Merge to master for 1.4.2

mjansson · web-flow · commit b55d218cfb05 · 2021-04-25T20:36:29.000+02:00
diff --git a/BENCHMARKS.md b/BENCHMARKS.md
@@ -1,5 +1,5 @@
 # Benchmarks
-Contained in a parallell repository is a benchmark utility that performs interleaved allocations (both aligned to 8 or 16 bytes, and unaligned) and deallocations (both in-thread and cross-thread) in multiple threads. It measures number of memory operations performed per CPU second, as well as memory overhead by comparing the virtual memory mapped with the number of bytes requested in allocation calls. The setup of number of thread, cross-thread deallocation rate and allocation size limits is configured by command line arguments.

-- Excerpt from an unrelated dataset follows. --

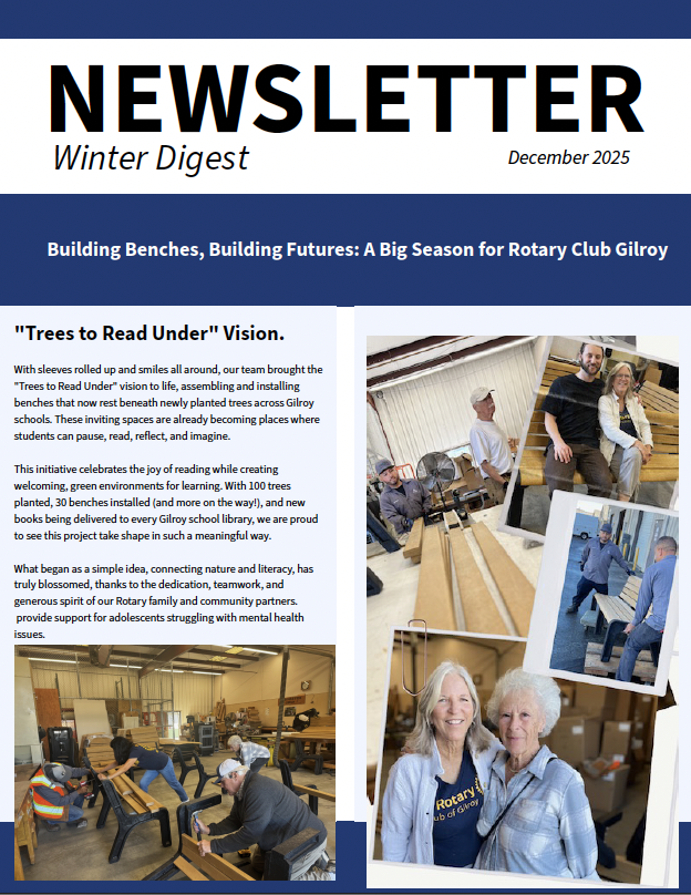 In celebration of our centennial year in 2025, Rotary Club of Gilroy is planting 100 trees, installing reading benches, and funding new books for local schools. Join this ambitious campaign and help us leave a legacy for our youth!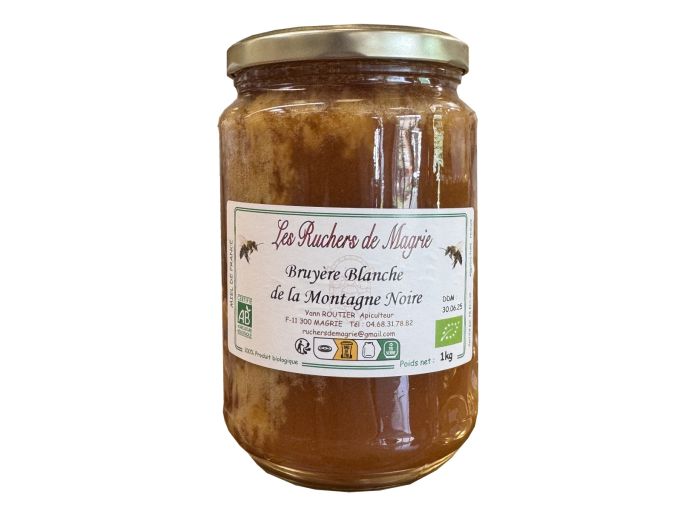 Ce miel de bruyère blanche, récolté dans les zones sauvages et préservées de la Montagne Noire, est un miel de caractère. Sa texture dense et crémeuse, sa robe ambrée à foncée et ses arômes puissants, boisés et légèrement amers en font un produit très apprécié des connaisseurs.

+Contained in a parallel repository is a benchmark utility that performs interleaved allocations (both aligned to 8 or 16 bytes, and unaligned) and deallocations (both in-thread and cross-thread) in multiple threads. It measures number of memory operations performed per CPU second, as well as memory overhead by comparing the virtual memory mapped with the number of bytes requested in allocation calls. The setup of number of thread, cross-thread deallocation rate and allocation size limits is configured by command line arguments.
 
 https://github.com/mjansson/rpmalloc-benchmark
 
diff --git a/CHANGELOG b/CHANGELOG
@@ -1,3 +1,22 @@
+1.4.2
+
+Fixed an issue where calling _exit might hang the main thread cleanup in rpmalloc if another
+worker thread was terminated while holding exclusive access to the global cache.
+
+Improved caches to prioritize main spans in a chunk to avoid leaving main spans mapped due to
+remaining subspans in caches.
+
+Improve cache reuse by allowing large blocks to use caches from slightly larger cache classes.
+
+Fixed an issue where thread heap statistics would go out of sync when a free span was deferred
+to another thread heap
+
+API breaking change - added flag to rpmalloc_thread_finalize to avoid releasing thread caches.
+Pass nonzero value to retain old behaviour of releasing thread caches to global cache.
+
+Add option to config to set a custom error callback for assert failures (if ENABLE_ASSERT)
+
+
 1.4.1
 
 Dual license as both released to public domain or under MIT license
diff --git a/README.md b/README.md
@@ -33,7 +33,7 @@ Configuration of the thread and global caches can be important depending on your
 
 # Required functions
 
-Before calling any other function in the API, you __MUST__ call the initization function, either __rpmalloc_initialize__ or __pmalloc_initialize_config__, or you will get undefined behaviour when calling other rpmalloc entry point.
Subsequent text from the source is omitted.